## DATA

*** Block opens ***

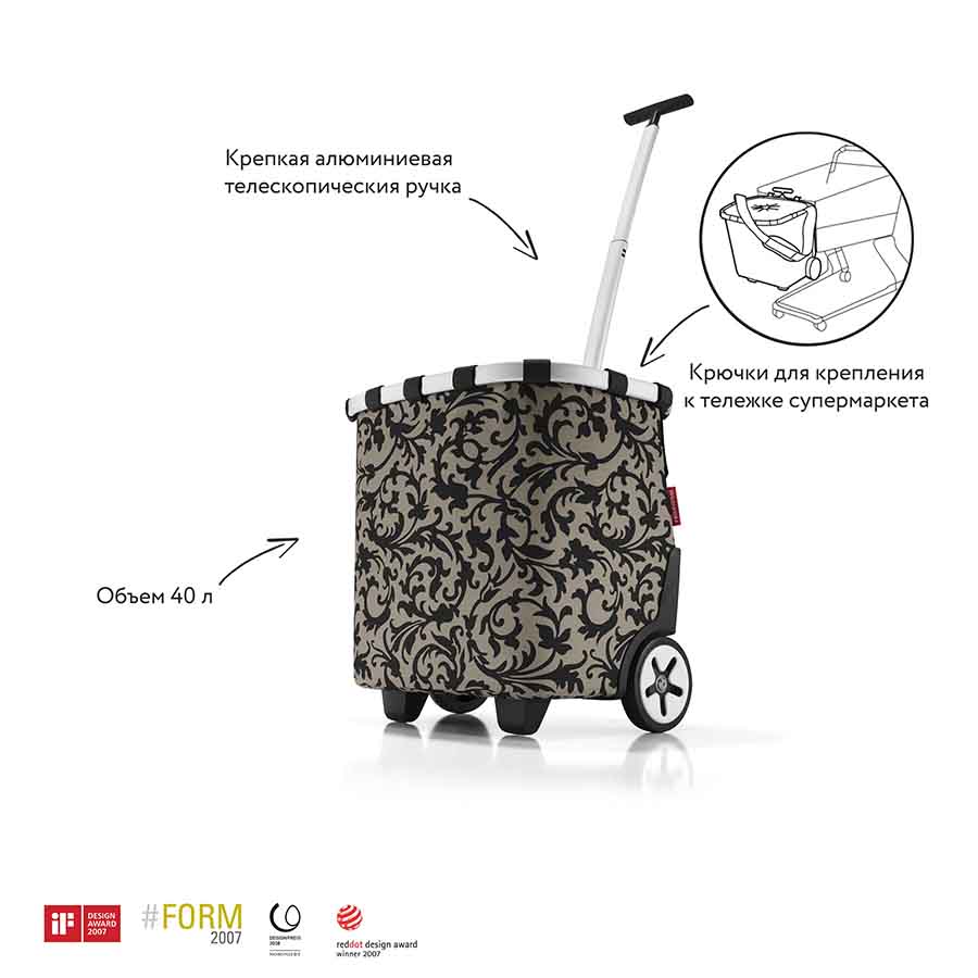 Прочная и стабильная алюминиевая рама устойчива к механическому воздействию. Съемный внутренний мешочек снимается для стирки. Удобная телескопическая ручка и широкий ремень с регулируемой длиной обеспечивают комфортную транспортировку. Сумка легко крепится к корзине-тележке в супермаркете и запросто помещается в багажник автомобиля. Высококачественный водоотталкивающий полиэстер легко чистится и прекрасно выглядит. Объем – 40 литров. Максимальная нагрузка – 20 кг.
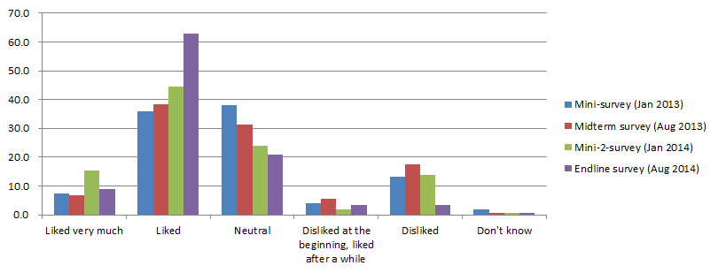 After governmental approval, the YYB supplier changed from “Tian Tian Ai (天添爱)” to “Fu Ge Sen (福格森)” and YYB was re–supplied from March 2014 onward. In June 2014, we carried out a three–day training sessions to retrain all the village doctors in the intervention county to strengthen their YYB related knowledge, health education and complementary feeding skills. Most village doctors in the training sessions said that the taste of the new YYB was much better than before and that children in their village liked YYB more which was reflected by a decrease in the proportion of children who disliked YYB at the time of the endline survey in August 2014 (23 months later survey) ( Figure 3 ). Also at the endline survey high adherence to YYB increased significantly ( Table 3 ). However, because the proportion of caregivers who forgot to give YYB continuously increased ( Figure 2 ), we advised the local MCH hospital to continue using multiple channels to promote caregivers’ awareness of the program.
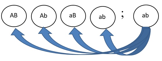 Следующей строкой идут гаметы, обозначаются «G:» и перечисляются гаметы каждого из родителей.
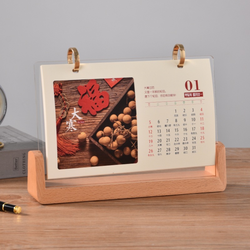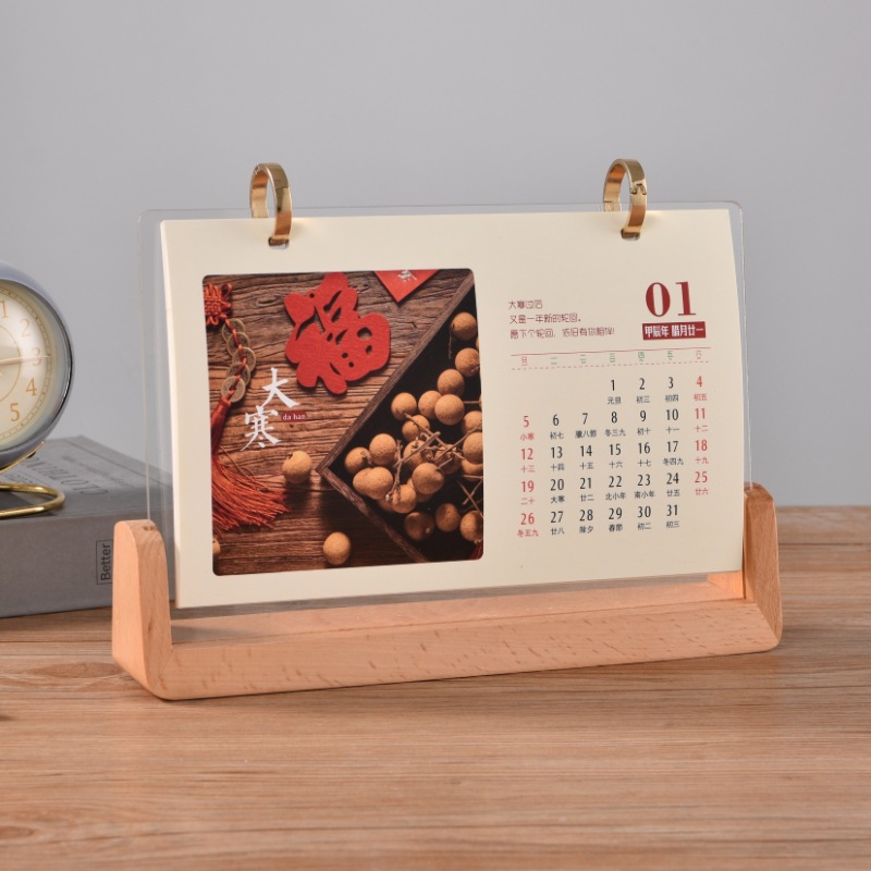 horizontal gold-plated plastic ring black peach wood color desk calendar with base

*** Block closes ***

## WHAT THE TASK REQUIRES
In the copy, no pictures are to appear; write out exactly the lines from the one containing "Следующей строкой идут" through the end of the listing above and no further lines.

## RESPONSE
 Следующей строкой идут гаметы, обозначаются «G:» и перечисляются гаметы каждого из родителей.
 horizontal gold-plated plastic ring black peach wood color desk calendar with base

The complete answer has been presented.